> **WHAT YOU WILL DO**:
From the records below, set down exactly the lines starting with the line that contains "荆荆铁路江汉运河特大桥全长3" and going on through the line that contains "最後一招則是直接使用 Siri 語音助理來幫忙撥打電話囉!用戶只需要在螢幕喚醒狀態下呼喊「嘿". Nothing else is wanted.

> **DATA EXTRACT**:
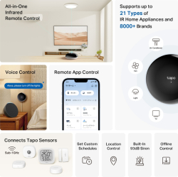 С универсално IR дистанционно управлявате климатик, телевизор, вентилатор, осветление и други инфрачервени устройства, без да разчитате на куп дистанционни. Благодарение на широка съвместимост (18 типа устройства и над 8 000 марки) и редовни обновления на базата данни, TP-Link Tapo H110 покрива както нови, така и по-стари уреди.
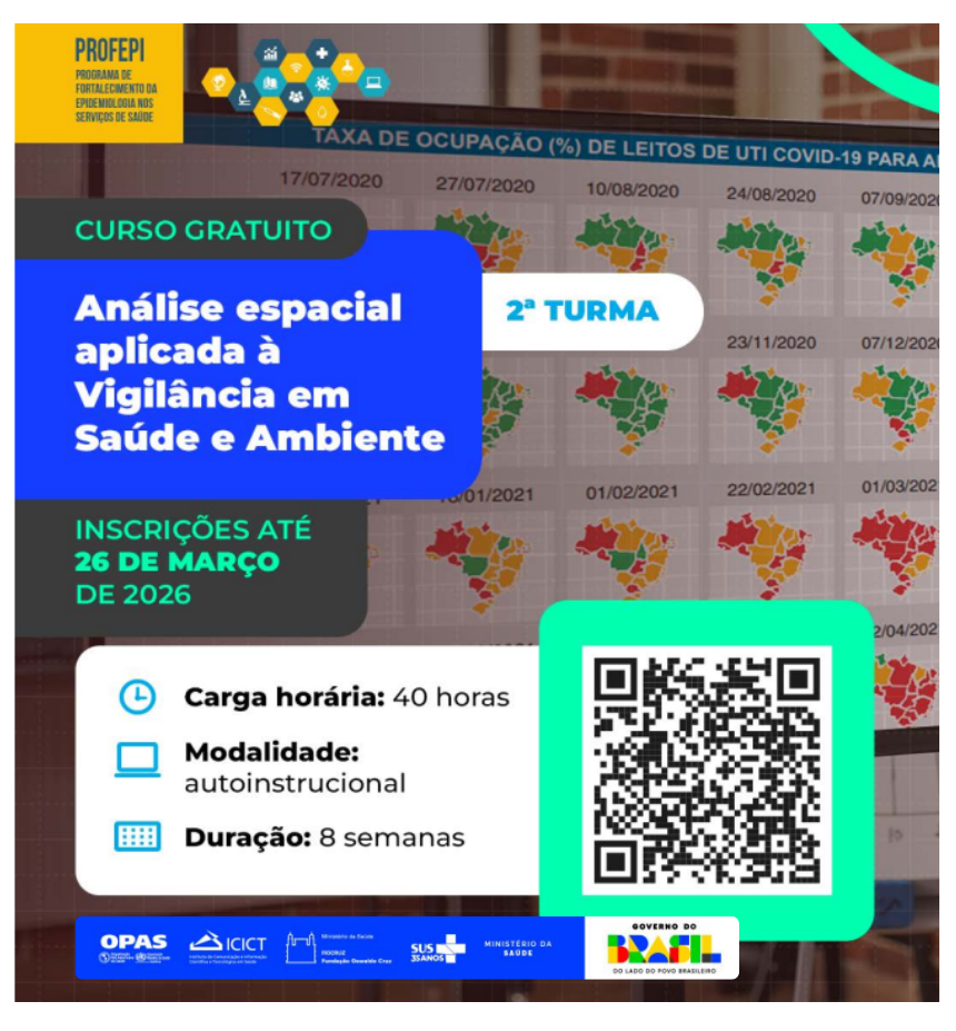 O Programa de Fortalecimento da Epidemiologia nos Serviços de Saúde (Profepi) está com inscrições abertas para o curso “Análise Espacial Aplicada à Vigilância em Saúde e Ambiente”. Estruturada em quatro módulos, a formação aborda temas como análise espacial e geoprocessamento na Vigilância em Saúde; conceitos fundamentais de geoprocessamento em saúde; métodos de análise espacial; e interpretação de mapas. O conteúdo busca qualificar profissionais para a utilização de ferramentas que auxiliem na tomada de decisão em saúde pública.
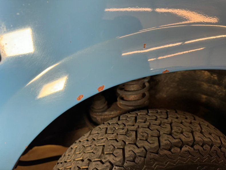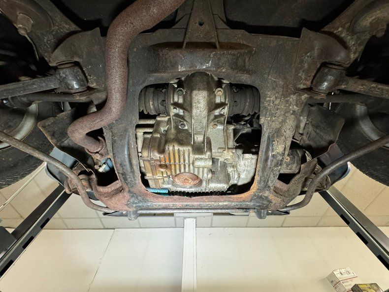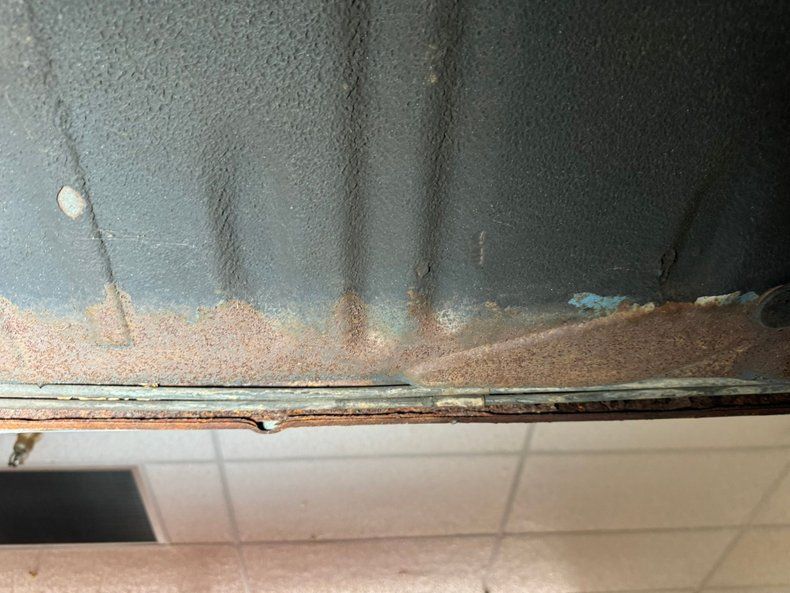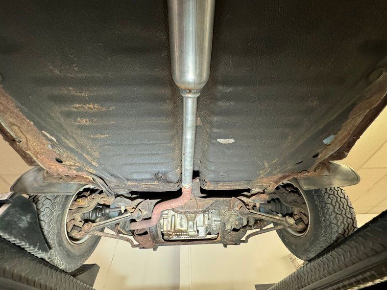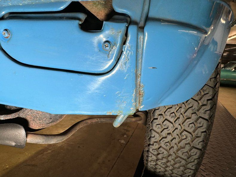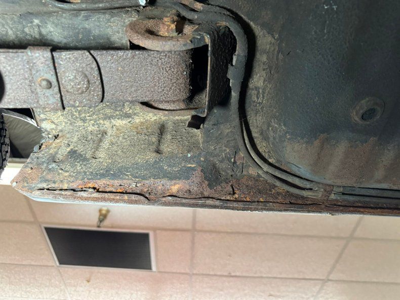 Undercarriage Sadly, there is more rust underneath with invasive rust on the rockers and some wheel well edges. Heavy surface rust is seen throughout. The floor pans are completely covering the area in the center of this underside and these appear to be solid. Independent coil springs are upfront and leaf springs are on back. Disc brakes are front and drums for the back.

---

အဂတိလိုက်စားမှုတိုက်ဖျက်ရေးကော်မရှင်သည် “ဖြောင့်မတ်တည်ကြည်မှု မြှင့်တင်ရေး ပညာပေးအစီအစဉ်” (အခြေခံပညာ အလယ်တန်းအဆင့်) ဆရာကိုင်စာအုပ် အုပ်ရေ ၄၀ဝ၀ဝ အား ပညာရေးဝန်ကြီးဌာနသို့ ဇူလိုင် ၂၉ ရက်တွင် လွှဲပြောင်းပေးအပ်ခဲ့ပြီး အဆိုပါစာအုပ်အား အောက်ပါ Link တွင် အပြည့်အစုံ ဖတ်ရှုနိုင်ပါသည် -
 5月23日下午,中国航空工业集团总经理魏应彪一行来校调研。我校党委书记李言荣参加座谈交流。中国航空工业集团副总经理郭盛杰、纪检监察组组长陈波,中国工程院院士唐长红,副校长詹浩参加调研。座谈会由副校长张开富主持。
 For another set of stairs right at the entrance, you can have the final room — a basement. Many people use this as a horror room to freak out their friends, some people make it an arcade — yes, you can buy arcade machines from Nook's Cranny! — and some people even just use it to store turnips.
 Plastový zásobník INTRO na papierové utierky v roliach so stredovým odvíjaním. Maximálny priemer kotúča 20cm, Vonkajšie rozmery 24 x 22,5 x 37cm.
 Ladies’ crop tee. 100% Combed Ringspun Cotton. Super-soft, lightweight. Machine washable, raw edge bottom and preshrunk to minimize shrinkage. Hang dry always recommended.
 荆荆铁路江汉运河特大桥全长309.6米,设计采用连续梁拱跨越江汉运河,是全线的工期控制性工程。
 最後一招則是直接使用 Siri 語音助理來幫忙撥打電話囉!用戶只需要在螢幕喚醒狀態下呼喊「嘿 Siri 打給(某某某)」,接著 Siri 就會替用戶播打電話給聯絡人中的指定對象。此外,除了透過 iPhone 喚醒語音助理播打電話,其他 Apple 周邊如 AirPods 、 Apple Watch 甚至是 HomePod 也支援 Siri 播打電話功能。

> **EXERCISE ANSWER**:
 荆荆铁路江汉运河特大桥全长309.6米,设计采用连续梁拱跨越江汉运河,是全线的工期控制性工程。
 最後一招則是直接使用 Siri 語音助理來幫忙撥打電話囉!用戶只需要在螢幕喚醒狀態下呼喊「嘿 Siri 打給(某某某)」,接著 Siri 就會替用戶播打電話給聯絡人中的指定對象。此外,除了透過 iPhone 喚醒語音助理播打電話,其他 Apple 周邊如 AirPods 、 Apple Watch 甚至是 HomePod 也支援 Siri 播打電話功能。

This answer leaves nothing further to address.